There is often a confusion between these two terms.
This definition seems acceptable: "Data Analytics is all about automating insights into a dataset and supposes the usage of queries and data aggregation procedures. It can represent various dependencies between input variables, but also it can use Data Mining techniques and tools to discover hidden patterns in the dataset under analysis. For example, not obvious associations between user purchases can be automatically discovered."
Analytics are specifically constructed records and texts that collectively represent a larger collective or set. They can be abstracts and descriptions of individual papers that form part of conference proceedings for example; or manuscripts that constitute a particular collection. They provide more detail than is provided by the general description and record of the collective itself, which might describe the conference or collection only in broad terms.

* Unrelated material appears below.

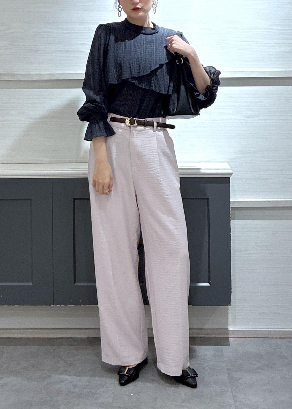 春を連想するピンクのカラーパンツをフリルブラウスと合わせました♡

Links are usually provided from the 'parent' whole to its analytics ... and from each analytic back to its parent. The creation of analytics usually involves intellectual input to assign subject headings, syndetic (see, see-also, see-under) references and so on. Data mining might identify materials worthy of being made analytics, but mining beyond the pre-coordinate environment of formal library data, relationships, definitions and systems will result in data that , like free-text data, will need considerable re-structuring, definition and re-ordering to create analytics in any ordered context. That doesn't mean it's not worth the effort, only that effort and intellectual input will be required after mining is completed - unless you've developed an automatic system of evaluation, classification, heading assignment, thesaurus control, corporate author/acronym management and publisher and imprint management (and a host of other areas of automatic indexing technologies). Meta tag data available on the web are a far cry from the structured subject catalogues and classification systems employed by libraries - a principle reason why libraries continue to offer discrete access methods and OPACs (On-line Public Access Catalogues) with separate author, title, subject, publisher access points etc, as well as global keyword access.
Data mining (as mining term was borrowed from mining engineering) is like mining gold on earth. It aims to find something useful (gold) among vast amount of noise (worthless soil). Why mining gold is difficult? because the search space (earth) is much much bigger than the target (gold). Therefore in data mining the focus is on the largeness of the search space, while data analytic is a broader concept that can include both data mining and statistics, because it does not talk about the volume of data.
Both are same. Performing analysis on the data means data analytic and data mining is one of the intelligent step where we extract the useful pattern from the huge amount of data.